L’OTAN résiste à l’épreuve de l’âge, tout comme Joe Biden.Le président des États-Unis a accueilli hier à Washington les dirigeants des pays membres de l’Alliance atlantique pour célébrer le 75e anniversaire de sa création.Le sommet cela pourrait servir de tournant sur l'avenir des choix politico-militaires de l'alliance et sur la prétention de véritablement compter dans les défis mondiaux.Sur la table, évidemment, le soutien militaire àUkraine et son adhésion, des questions sur lesquelles l'OTAN ne veut pas reculer, comme l'ont clairement montré les déclarations faites lors de la journée inaugurale.Mais ce qui comptera également lors du sommet de ces jours-ci, c'est ce qui ne sera pas inclus dans les nombreux discours de célébration qui suivront.Un non-dit qui parle d’une OTAN affaiblie, marquée par une histoire de divisions internes récurrentes, et que la question russe à elle seule ne pourra pas fédérer.UN'institution en crise existentielle qui, plutôt que de déterminer de nouvelles dynamiques mondiales, risque d’être submergée par celles-ci.

Comment s'est déroulée la première journée du sommet de l'OTAN à Washington

Des indiscrétions sont déjà arrivées le jour de l'inauguration qui ne semblent pas laisser place à l'interprétation.Citant un responsable ukrainien, Politico il a anticipé que les pays membres déclareront que le cheminement de l'Ukraine vers l'adhésion à l'alliance est "irréversible", précisant que la date limite pour l'adhésion de Kiev à l'OTAN sera inscrite noir sur blanc dans la déclaration finale.Pendant ce temps, hier, le président Biden a prononcé un discours direct, sans hésitations qui ont été critiquées ces dernières semaines, dans lequel il a affirmé que « l'Ukraine peut et va arrêter Poutine ».La Russie ne l’emportera pas.L'Ukraine l'emportera."Biden a donc souligné son soutien à l'Ukraine, en annonçant que les États-Unis, l'Allemagne, les Pays-Bas, la Roumanie et l'Italie fourniraient à Zelensky cinq systèmes de défense aérienne Patriot dans les mois à venir.Une demande qui était formulée par Kiev depuis un certain temps, mais malgré cela, Zelensky a immédiatement qualifié l'approvisionnement du Patriot d'insuffisant, ajoutant que « l'Ukraine a immédiatement besoin d'au moins 128 avions de combat F-16 fournis par l'Occident, sinon elle ne pourra pas capable de rivaliser avec l’armée de l’air russe ».

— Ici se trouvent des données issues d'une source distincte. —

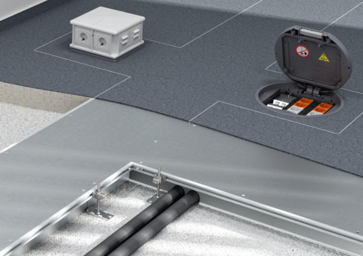 Valurasiat avattaville lattiakanavilleKanavat voidaan avata koko pituudeltaan joten ne sopivat erinomaisesti asennuksiin, joissa johdotuksia pitää muuttaa tai lisätä. Kanavaan asennettavat valurasiat asennetaan kanavan viereen, jolloin saadaan mahdollisimman suuri hyötypoikkipinta-ala kaapeleille. Tällöin tulee asennussyvyydeksi varata vähintään 80mm, jotta kojerasiat ja pistotulpat mahtuvat suljetun kannen alle. Kanavan kanteen on saatavana myös aukkokansi, johon lattiarasia voidaan asentaa. Lisätietoja PDF-esitteen sivuilla 4, 14 ja 16.Lattiarasia harmaa 1418180Lattiarasia musta 1418182

S'exprimant également hier, le secrétaire général sortant Jens Stoltenberg, auteur d'un « travail extraordinaire » selon les mots de Biden, qui, citant le nouveau rapport annuel de l'alliance sur le changement climatique et la sécurité, a quantifié en plus 29 milliards d’euros de dégâts climatiques causée par l’invasion russe de l’Ukraine.

En octobre, Stoltenberg passera officiellement le relais à secrétaire désigné Mark Rutte.Ancien chef du gouvernement des Pays-Bas, leader conservateur d'orientation libérale, ouvertement pro-marché et porte-drapeau des « pays frugaux » de l'Union européenne pour sa ligne rigoureuse en matière de finances publiques, Rutte a su se tailler un rôle important pour lui-même dans la politique nationale et dans la communauté au cours de la dernière décennie.À la tête des Pays-Bas, Rutte a su faire face à plusieurs crises, formant de temps à autre des coalitions stratégiques avec des partis d’extrême droite ou réformistes pour maintenir le gouvernement.Ce n’est pas un hasard s’il a été le dirigeant continental le plus ancien après Angela Merkel jusqu’à sa sortie de la scène en 2021.Même le scandale qui l’a impliqué en 2021, le forçant à démissionner, ne l’a pas empêché d’aspirer à la prestigieuse direction de l’OTAN, pour laquelle il a reçu le soutien fondamental des États-Unis, de la France, du Royaume-Uni et de l’Allemagne.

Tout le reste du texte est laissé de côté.